After World War I, the government again began to cast its eyes on the wetlands, this time proposing to drain it for vegetable production. Sir James Mitchell promised to get a report on whether the project was feasible. It seems that it wasn’t and nothing was done.

On the outbreak of World War II, there was concern that neglect and vandalism had damaged the wetland area, and a call went up for an independent board to manage all of WA’s best tourist spots: Mundaring Weir, Lesmurdie, Yunderup, Lake Jandakot, Bibra Lake reserve, Garden Island, Yallingup Caves reserve, Namban Creek Caves, Jurien Bay Caves, Naval Base, and Point Peron. The board would improve these places and encourage tourists to visit every one. It never happened.

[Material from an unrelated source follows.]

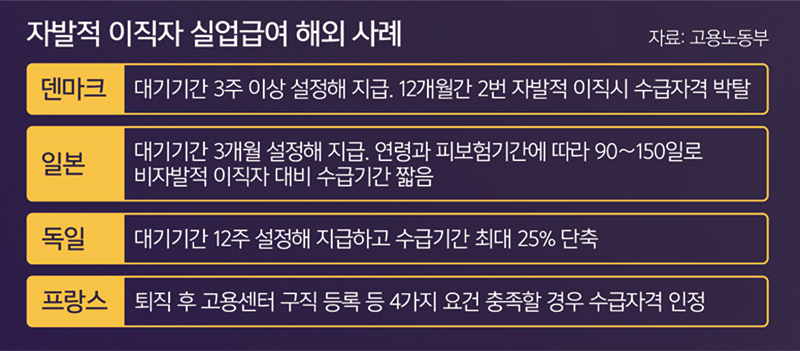 일본은 비자발적 이직자는 최대 330일간 지급하지만, 자발적 퇴직자에게는 이보다 적은 90∼150일간 지급한다. 독일은 자발적 퇴직자는 4분의 1을 단축한 기간 동안 지급한다. 덴마크는 12개월간 두 번 자발적 이직을 할 때는 수급자격을 박탈하는 조건이 있다.
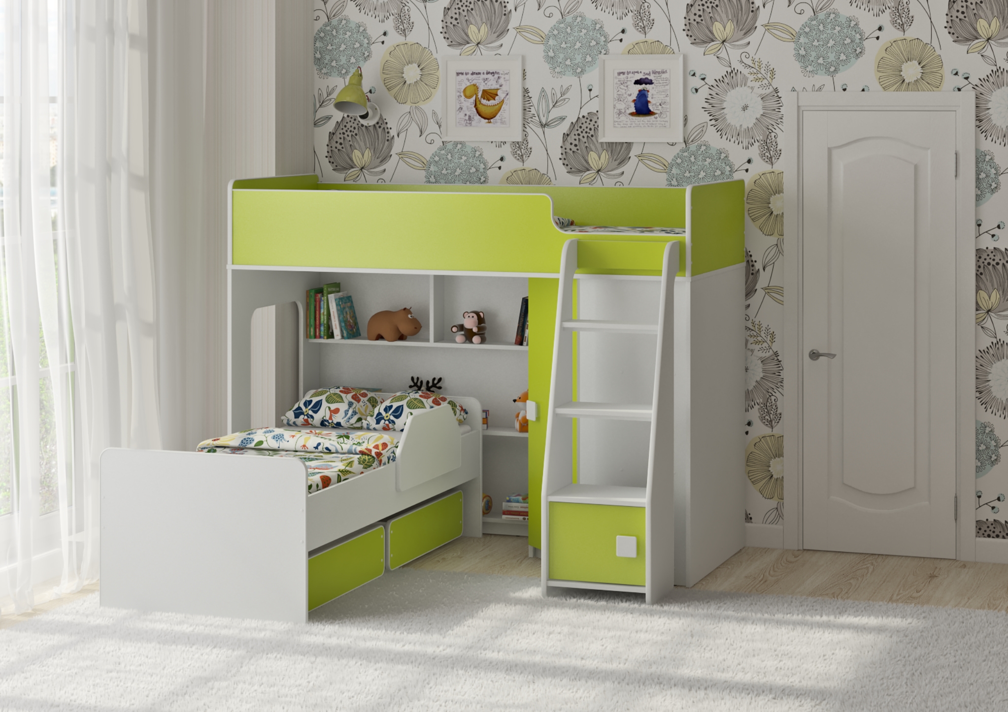 Под верхним спальным местом располагается стеллаж,отлично подходящий для хранения игрушек.

It won’t surprise you to find that in 1948, the government was thinking of draining the wetlands and the lakes to make a great agricultural area. Yet another report was written. Yet another report was not acted on. Or it said it couldn’t be done. One of the two.

And now, in 2016, the government has again turned its eyes on the wetlands, this time to build an extension of the Roe Highway. And, as you probably know, the locals are just a little bit disgruntled. With its long history of arguing about tourism v commercial use, the current proposal won’t astonish the wetlands itself. After all, some people didn’t care about frogs in 1908 and some people wanted to travel there to see them.